What is being asked >> Retype the opening lines of the listing below, ending with the line that contains "1360 Sq.ft. | 3 BHK | 2 Bath(s)", and leave out any pictures.

Data segment >>

[Start of section]

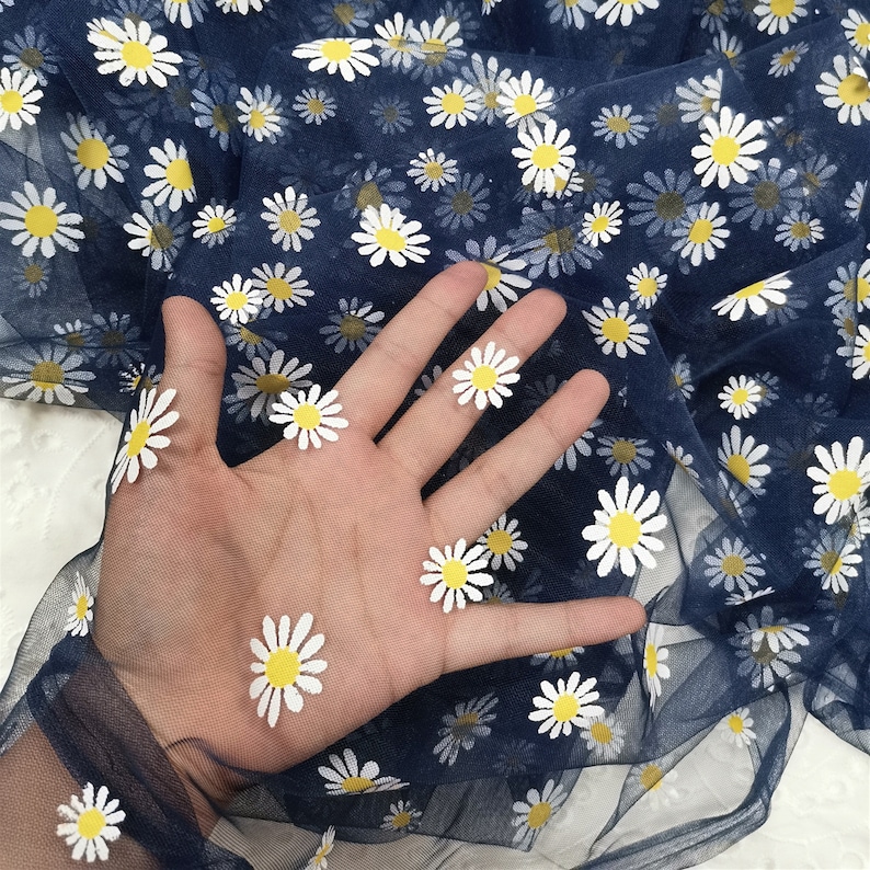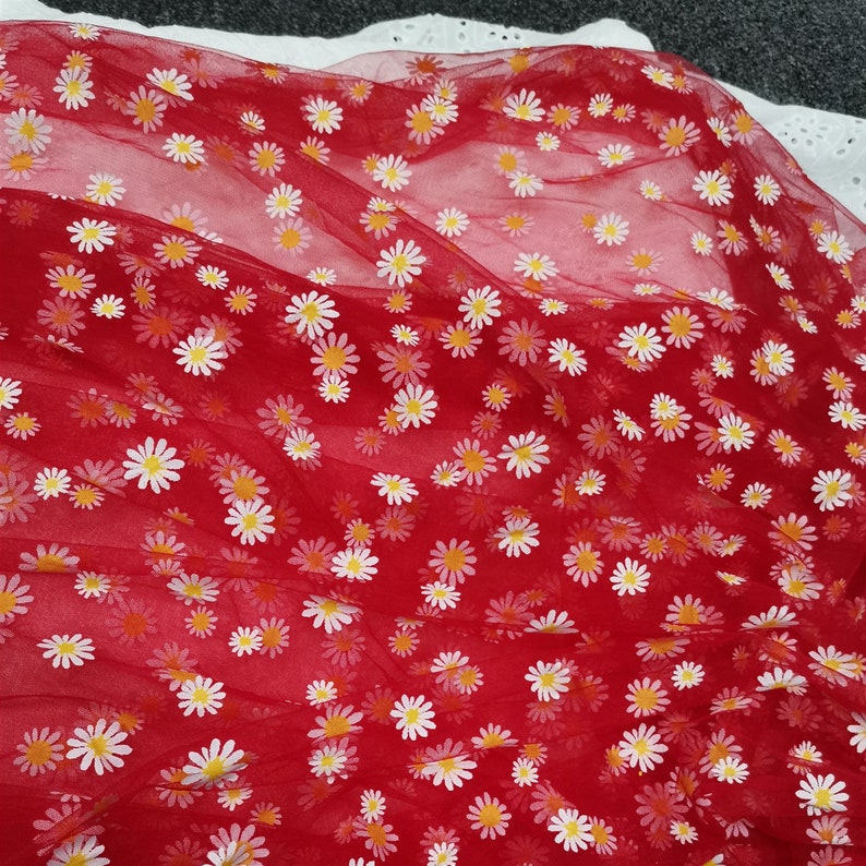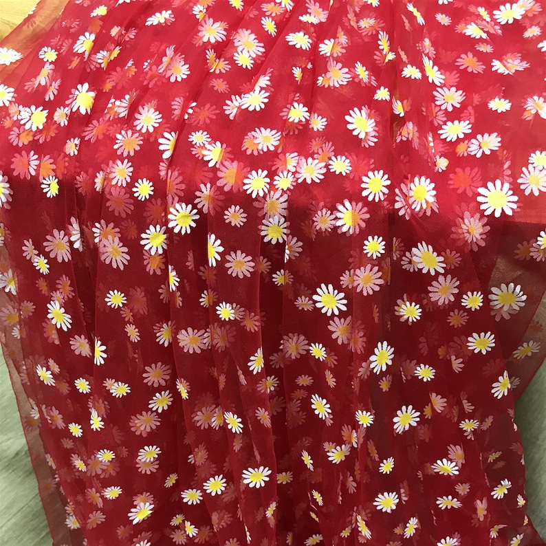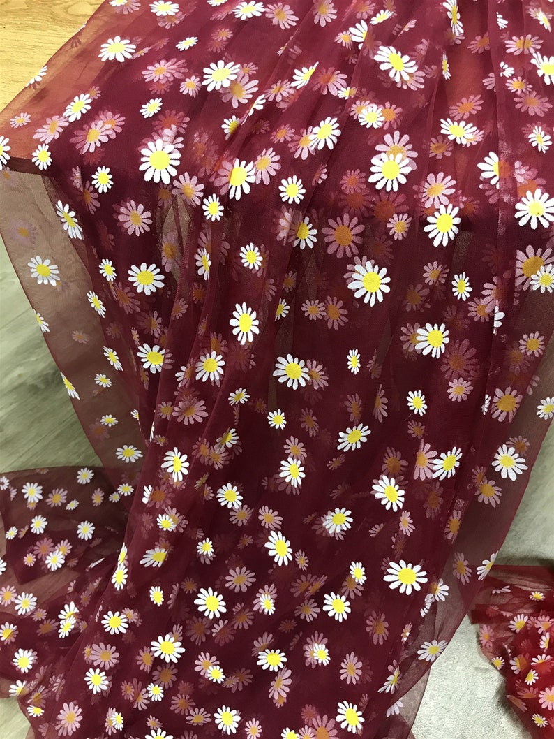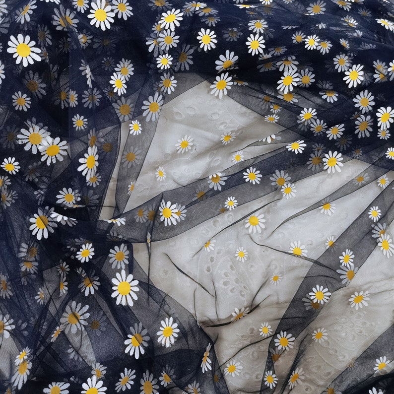 Daisy print Tulle Lace Fabric, Floral Tulle Lace, new 4 colors, Daisy printed Gauze Fabric By Yard.
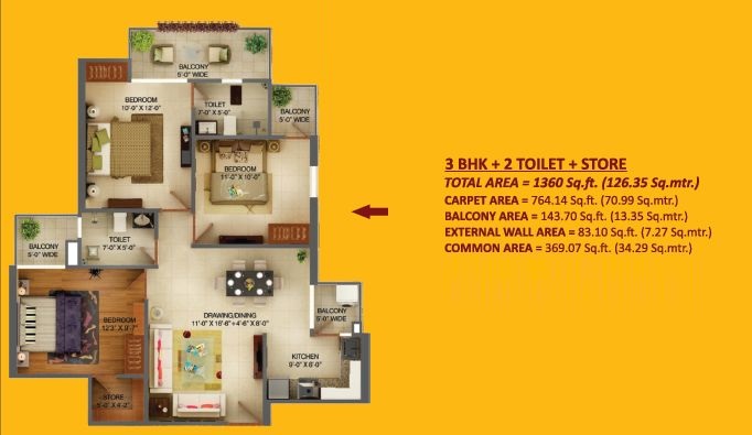 1360 Sq.ft. | 3 BHK | 2 Bath(s)
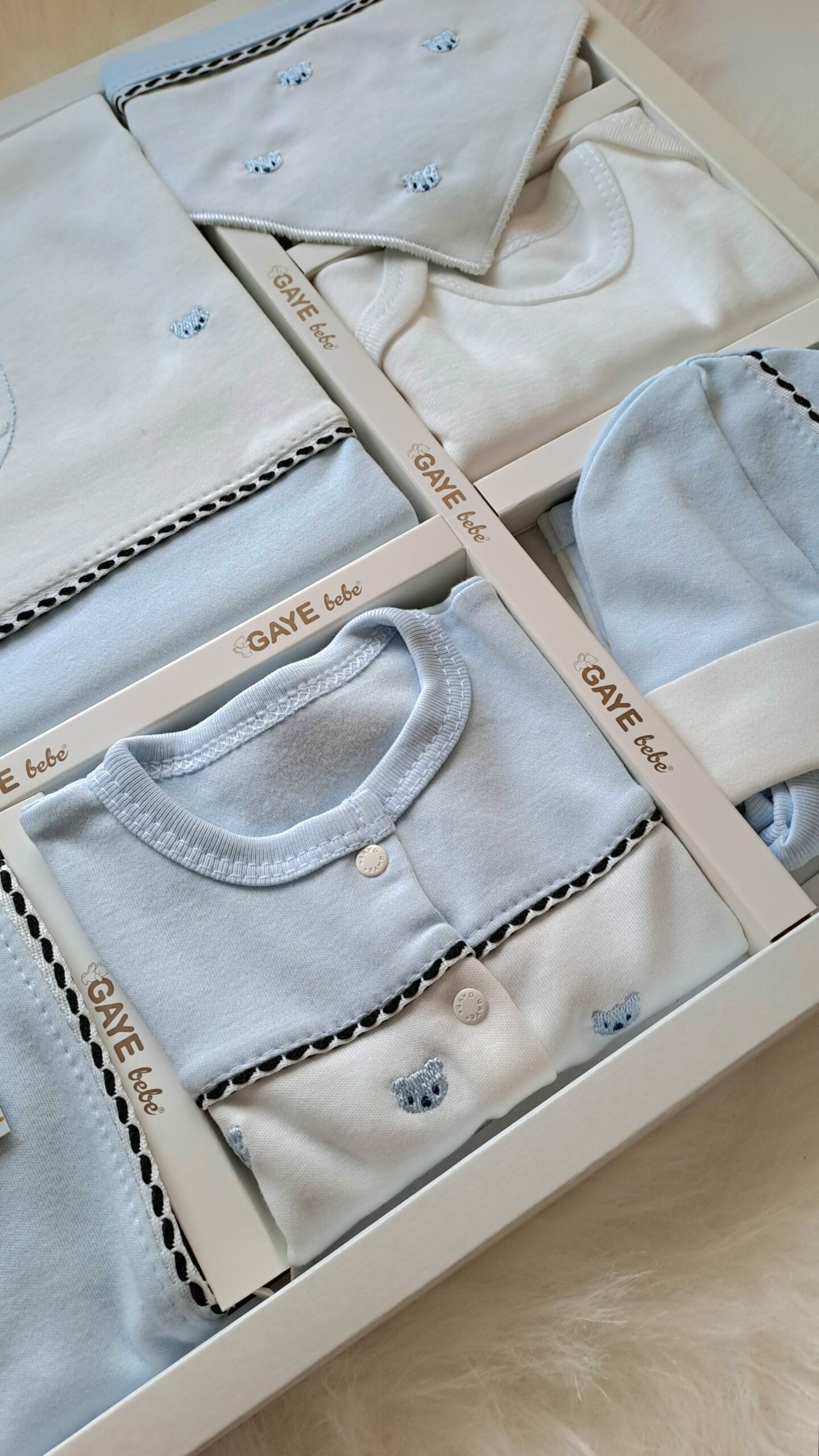 Premium ayıcık kafalı nakışlı Premium setimiz; üst zıbın, patikli pantalon, yelek, battaniye( 3 yaşına kadar kullanılabilir),alttan çıtçıtlı badi, bere ,iç zıbın, fular mama önlüğü ve eldivenden oluşmaktadır. Mavi ve beyazın ferahlığını sevimli detaylarla birleştiren bu set, minik prenseslerin ilk günlerine neşe katmak için tasarlandı. Setimiz fular mama önlüğüyle modern bir tarz yakalarken bebeğinizin kıyafetlerini şık bir aksesuar olarak da tamamlıyor. Bebek sağlığını yüksek kalite standartlarıyla buluşturan Masal Bebek, en değerli varlıklarınız için güvenli ve nitelikli ürünler sunar
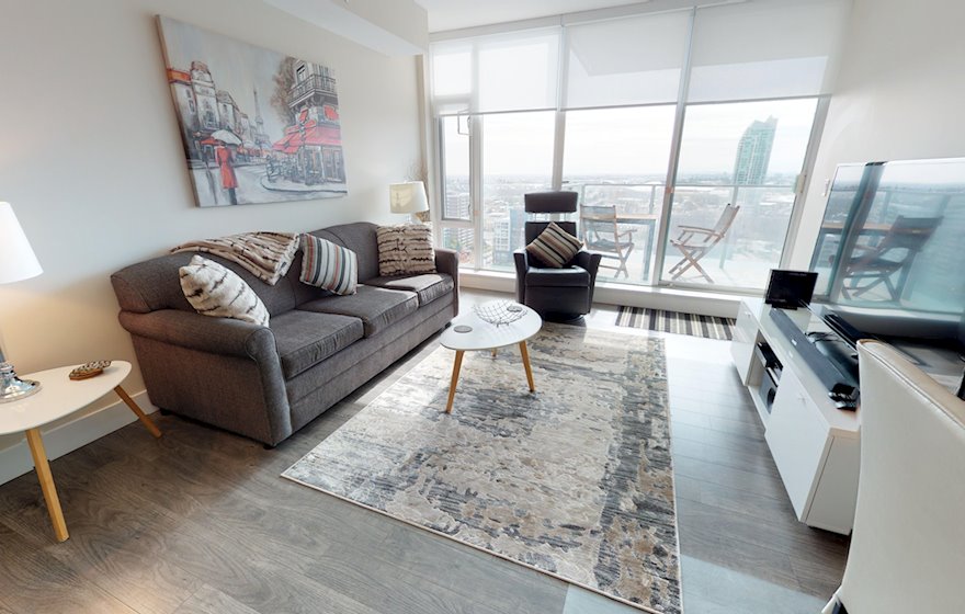 Each suite’s modern gourmet kitchen offers stainless steel appliances, gas stoves and quartz counter tops as well as a breakfast bar. The main living areas are bathed in sunlight from a full wall of floor-to-ceiling windows and are completed with elegant furnishings. Bedrooms are carpeted, and feature queen sized beds and plenty of closet space. Spend the evening on the balcony, overlooking downtown Calgary or take advantage of some of the building amenities such as the fitness centre, sauna, social room, and an outdoor rooftop terrace.

[End of section]

Reply to the exercise >>
 Daisy print Tulle Lace Fabric, Floral Tulle Lace, new 4 colors, Daisy printed Gauze Fabric By Yard.
 1360 Sq.ft. | 3 BHK | 2 Bath(s)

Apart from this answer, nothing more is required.